Неужели Бенедикт умрет? Неужели теперь все начиналось снова? Неужели после четырех лет исканий, столь же тайных и упорных, сколь и бесплодных, политическая угроза позволит ему наконец открыть дверь, до сих пор остававшуюся тайной? Разумеется, это путешествие будет оправдано возложенной на него трудной миссией. И все же ему казалось, что совпадение было слишком большим, чтобы оказаться случайным. Знак. Он так ждал Знака. Он, наделенный чрезвычайными полномочиями приором, а значит, и Великим магистром, приедет во Францию, в страну, где ему откроется Тайный След. Возможно, он там постигнет смысл Света, который заливал его всего лишь одно, но божественное мгновение в самом центре церкви Святой Констанции в Риме.
Лихорадочная тревога заставила его вздрогнуть. А если, напротив, речь шла о другой западне, о другом убийственном разочаровании? Хватит ли у него сил продолжать? Но это тем более был не его выбор.

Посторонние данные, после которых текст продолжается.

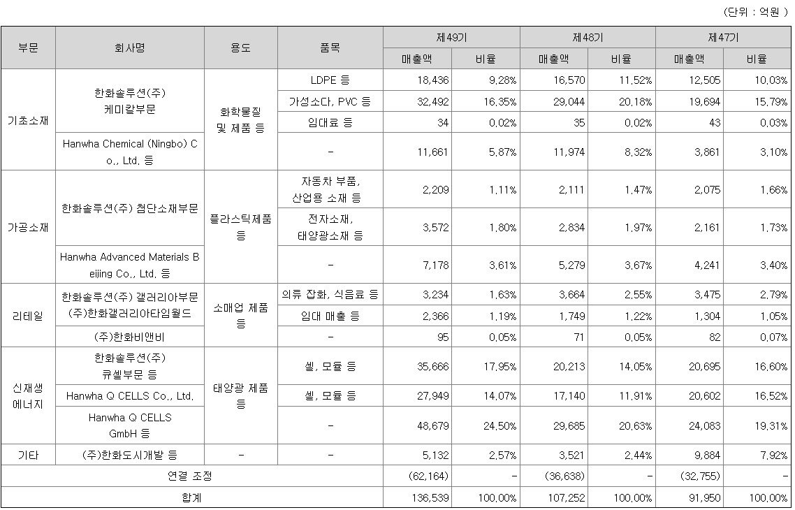 사업별로 보면, 원료부문에는 PE, PVC, CA, TDI 제품 등을 생산ㆍ판매하고 있으며셀과 모듈 등의 태양광 제품을 담당하는 신재생에너지부문, 자동차 부품, 산업용 소재, 전자소재, 태양광 소재 등을 담당하는 가공부문, 의류/잡화/화장품/주류 등의 상품 매출을 담당하는 리테일부문 마지막으로 부동산 사업을 담당하는 인사이트부문이있습니다.
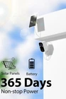 【Solar Security Camera with 5200mAh Built-in Battery】wireless security camera boasts a 3W solar panel, enhancing photovoltaic conversion efficiency by 30%, which can maintain 365 days of uninterrupted protection of your family, no need to remove it to charge. Additionally, the camera's robust 5200mAh built-in battery can power it for 1-3 months even in the absence of sunlight. With IP65 waterproof, it can work in any weather condition, making it perfect for outdoor use 【2K Live Video with 130° Wide View&Full-Color Night Vision】Check important features like faces or license plates in full color even at night, with color night vision to make this outdoor security camera the preferred camera for home security. It also has a 130° field of view, covering a wider area and allowing you to monitor your home environment better 【Advanced AI Motion Detection】Equipped with smart AI motion detection, this home security camera can clearly analyze and recognize people. The PIR sensor will be triggered in real-time once motion is detected, and a notification will be pushed to your phone via the app. The camera can also be shared with multiple users 【2-Way-Talk& Siren Alarm】For home security purposes, this outdoor camera is equipped with a siren alarm and spotlight, in addition to providing motion notifications. And you can customize your own siren alarm with messages like "Get away from my house now." The camera also includes a high-quality two-way audio function that allows you to communicate with your family or guests from anywhere and at any time 【No Subscription Fee】This wireless security camera supports both cloud and SD card storage, with the highest micro SD card storage capacity being 256GB. You can check historical records anytime and anywhere to ensure the safety of your home
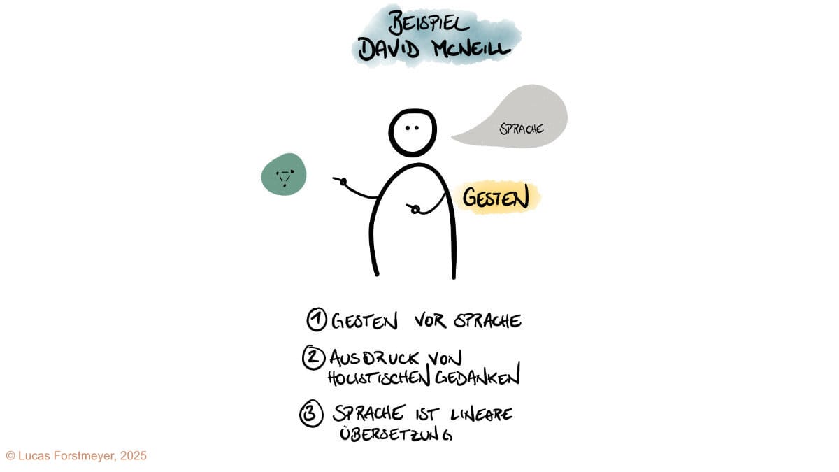 Diese auf den ersten Blick abstrakte Theorie wird durch die faszinierende Forschung von David McNeill zu Gesten und Sprache greifbar. McNeill analysierte über Jahre Videoaufnahmen von sprechenden Menschen und kam zu einer erstaunlichen Erkenntnis:
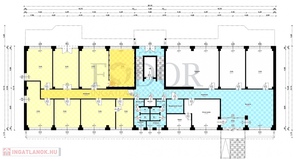 A XIII. kerület Angyalföld részén, a Topolya utcában kínálok kiadásra 8 db eltérő méretű irodahelyiséget összesen 190 m² alapterületen. Az ingatlan magában foglal egy mágneskártyával nyitható, privát, lezárt folyosót is. Az irodahelyiségek között gipszkarton falak választják el egymást, így könnyen alakíthatók. Az alaprajzon sárgával jelölt területek a kiadó irodák.

Hoc quicumque stolam sanguine proluit, absergit maculas; et roseum decus, quo fiat similis protinus Angelis [25].
Шартр,
май 1304 года
Неспешно опускалась ночь. Улицы постепенно пустели. Оживление на них стихало. Приближался час ужина. Человек перешагнул через груду мусора, валявшегося в центральной канаве, и свернул вправо, чтобы попасть на Лебяжью улицу.
Едкий неприятный запах, пропитавший воздух, гораздо красноречивее говорил о местонахождении таверны, чем ее вывеска. Это было одно из тех заведений, где по вечерам собирались работники и ремесленники различных цехов, в данном случае цеха дубильщиков и кожевников. И хотя некоторые желчные проповедники называли таверны «монастырями дьявола», вводившими в грех, действительность была более благостной. В тавернах по-семейному пили, решали большинство дел, улаживали споры, отдыхали среди приятной суматохи.
Перед дверью человек остановился. Внутри раздавались громкие восклицания и смех. Человек нарочно припозднился, чтобы, сидя в одиночестве за столом, не вызывать любопытства посетителей. Тот, с кем он должен был встретиться, уже ждал его. Человек натянул капюшон на самый лоб, запахнул полы тяжелого плаща, слишком жаркого для такого теплого вечера, и толкнул дверь. Две ступеньки. Достаточно было спуститься по двум ступенькам. Океан, вселенная. Пропасть, отделявшая невинность от возможного проклятия. Но порой невинность тяготит, а главное, не приносит должного вознаграждения. Невинность — это тайное удовлетворение, деньги и власть. Человек сделал шаг вперед, поставил ногу на первую, потом на вторую ступеньку.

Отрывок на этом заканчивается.